Supporters of marriage equality got some good news this week when a district judge in Washington, D.C., upheld a ruling by the city’s board of elections which, not once but twice, has refused to let gay marriage opponents put a referendum on the ballot there allowing a popular vote to try and overthrow the D.C. City Council’s vote legalizing same-sex marriage.
Such a ballot referendum, the judge said, would violate D.C.’s Human Rights Act.
Gay marriage opponents, of course, have vowed to appeal the ruling to the D.C. Court of Appeals, saying the trial court judge’s ruling is part of a pattern of judicial activism that overrides the will of the people. Whatever.
Judge Judith Macaluso wrote: “The fact that the proposed initiative, if passed, would violate the Human Rights Act provides an independent basis for upholding the Board’s decision: the initiative runs afoul of an implied exclusion barring provisions that violates the state’s law.”
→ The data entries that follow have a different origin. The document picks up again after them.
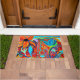 Abstract floral colorful orange, blue, green outdoor entrance rug.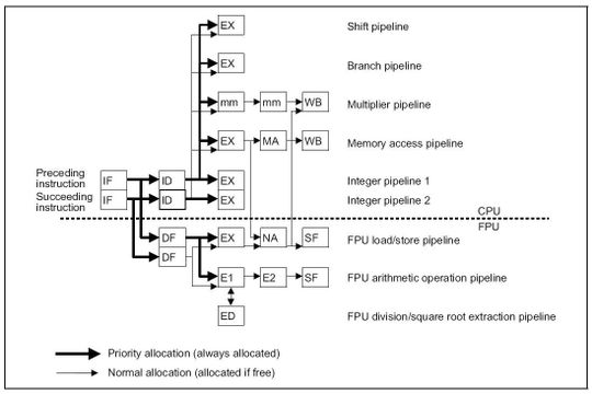 Ebenfalls zu beachten ist, dass die FPU des SH2A-Cores im Unterschied zu anderen Systemarchitekturen keine externe Einheit ist. Bei anderen Core-Architekturen ist die FPU als externe Einheit konfiguriert, an die Tasks übergeben werden und bei der die CPU auch diese Befehlsübergabe kontrollieren muss. Die FPU des SH2A ist Teil der Pipeline des Cores und arbeitet auch dementsprechend. Daher gibt es bei FPU-Operationen keinen Overhead für „Task Handling“. Dies lässt sich im Blockschaltbild der SH7216-Pipeline erkennen (Bild 1).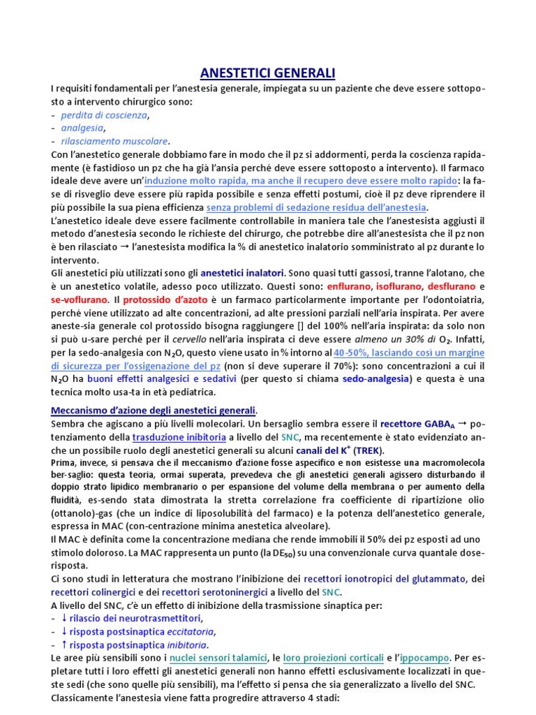 I requisiti fondamentali per lanestesia generale, impiegata su un paziente che deve essere sottoposto a intervento chirurgico sono: - perdita di coscienza, - analgesia, - rilasciamento muscolare. Con lanestetico generale dobbiamo fare in modo che il pz si addormenti, perda la coscienza rapidamente ( fastidioso un pz che ha gi lansia perch deve essere sottoposto a intervento). Il farmaco ideale deve avere uninduzione molto rapida, ma anche il recupero deve essere molto rapido: la fase di risveglio deve essere pi rapida possibile e senza effetti postumi, cio il pz deve riprendere il pi possibile la sua piena efficienza senza problemi di sedazione residua dellanestesia. Lanestetico ideale deve essere facilmente controllabile in maniera tale che lanestesista aggiusti il metodo danestesia secondo le richieste del chirurgo, che potrebbe dire allanestesista che il pz non ben rilasciato lanestesista modifica la % di anestetico inalatorio somministrato al pz durante lo intervento. Gli anestetici pi utilizzati sono gli anestetici inalatori. Sono quasi tutti gassosi, tranne lalotano, che un anestetico volatile, adesso poco utilizzato. Questi sono: enflurano, isoflurano, desflurano e se-voflurano. Il protossido dazoto un farmaco particolarmente importante per lodontoiatria, perch viene utilizzato ad alte concentrazioni, ad alte pressioni parziali nellaria inspirata. Per avere aneste-sia generale col protossido bisogna raggiungere [] del 100% nellaria inspirata: da solo non si pu u-sare perch per il cervello nellaria inspirata ci deve essere almeno un 30% di O2. Infatti, per la sedo-analgesia con N2O, questo viene usato in % intorno al 40-50%, lasciando cos un margine di sicurezza per lossigenazione del pz (non si deve superare il 70%): sono concentrazioni a cui il N2O ha buoni effetti analgesici e sedativi (per questo si chiama sedo-analgesia) e questa una tecnica molto usa-ta in et pediatrica. Meccanismo dazione degli anestetici generali. Sembra che agiscano a pi livelli molecolari. Un bersaglio sembra essere il recettore GABAA potenziamento della trasduzione inibitoria a livello del SNC, ma recentemente stato evidenziato anche un possibile ruolo degli anestetici generali su alcuni canali del K+ (TREK).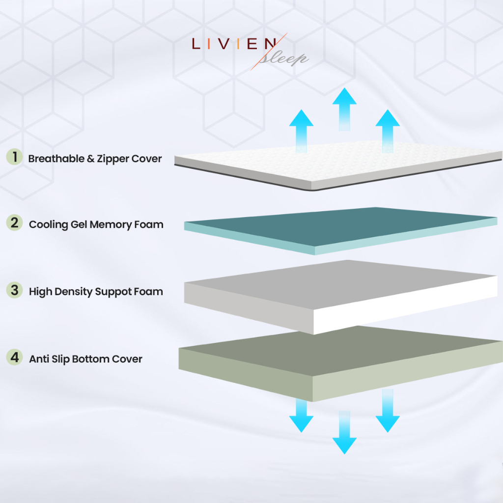 1.Material Baru Cooling Gel Memory Foam yang membantu anda mendapatkan tidur lebih nyaman dan sejuk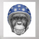 This design features a portrait of a chimpanzee in a patriotic motorcyle helmet.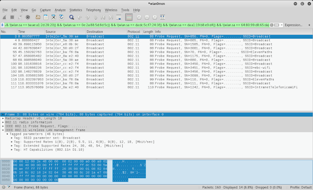 - El problema de los SSID ocultos: Se vuelve a presentar el problema de los SSID ocultos, y este sí que puede ser un factor determinante para conocer si una MAC está cambiando. En la siguiente captura se han seleccionado los dos paquetes que comparten un SSID concreto (oculto) y que viene a significar que una red oculta recordada por la interfaz, está cambiando su MAC, pero preguntando de forma oculta por el SID que recordaba cada cierto tiempo. Se podría llegar a argumentar que podrían ser dos dispositivos diferentes de un mismo usuario que se hayan conectado a la misma red, pero si unimos todas las razones anteriormente expuestas, se puede suponer con bastante probabilidad que el dispositivo en cuestión es el mismo con diferentes MACs. Para terminar de ver todo esto de forma más clara, si se aplica el filtro que busca por ese SSID oculto obtenemos lo siguiente:

She also said that a 1995 court ruling that said the Human Rights Act did not protect same-sex marriage is no longer valid because “Since 1995, the [Washington City Council] has changed the landscape Dean surveyed. Indeed, all of the statutory provisions upon which Dean relied have been repealed or amended…”
The ordinance legalizing same-sex marriage in D.C. could still be overturned by Congress, which gets to review all the city’s laws. But unless that happens, gay couples could start getting married in D.C. as early as March.